Koyu griye boyanmış, arada çakan şimşeklerle aydınlanan gök. Bol köpüklü, koca koca, birbirleriyle yarışan dalgalar. Büyüklükleri yetmez dercesine gökyüzünden denize hışımla boşalan yağmur. Hep beraber söyledikleri şarkı! Şimşeğin aydınlığında görünen manzara.Ürkütüyor beni..
Duymamaya, görmemeye çalışarak korkuyla, heyecanla yüzüyorum tam fırtınanın ortasında.bir dalga bi tarafa atıyor beni, öbürü diğer yana. Gücümün , cesaretimin bittiğini hissediyorum.Daha da korkuyorum!
Bitsin bu mücadele ! diyorum. Boşa cırpınıyorum! Kendimi bırakıyorum. Aşağılara denizin derinliklerine yepyeni bi dünyaya gitmek daha kolay geliyor...
Bırakmıyor dalgalar bei batacakken yukarı çıkarıyorlar beni; nefes alıyorum, şimşek aydınlatıyor etrafımı yeniden adrenelim yükseliyor kulaç atıyorum.
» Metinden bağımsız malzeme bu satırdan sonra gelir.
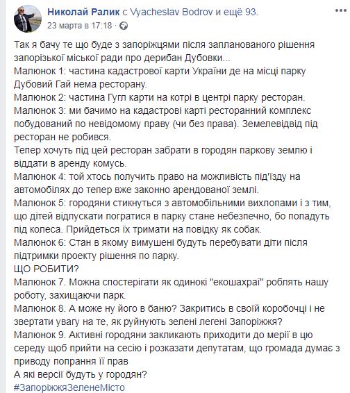 Ралик призывает небезраличных горожан прийти на ближайшую сессию запорожского городского совета, чтобы высказать протест. Отметим, сессия запланирована на среду, 27 марта.

Nereye doğru, ne için, bilmiyorum ama atıyorum o kulaçları.
Yoruldukça, korktukça yeni kocaman bir dalga beni yukarılara cıkarıyor. Sanki gökyüzüne fırlatıyor beni.Bırakmıyor azgın dalgalı denız beni...
Artık gökyüzü, deniz ve ben garip bir oyun oynuyoruz.Korkmuyorum!!
Dalgaların, şimşeğin,köpüklerin,yağmurun o kaosta güzelliklerini keşfediyorum, seyrediyorum. Beraber cizdikleri resimleri ve şarkıları artık anlıyorum. Bazen eşlik bile ediyorum onlara cığlıklarım la.....
Onlardan biri oluyorum.!!
NEREYE? KİME? NE İÇİN GİTTİĞİMİ BİLMEDEN.....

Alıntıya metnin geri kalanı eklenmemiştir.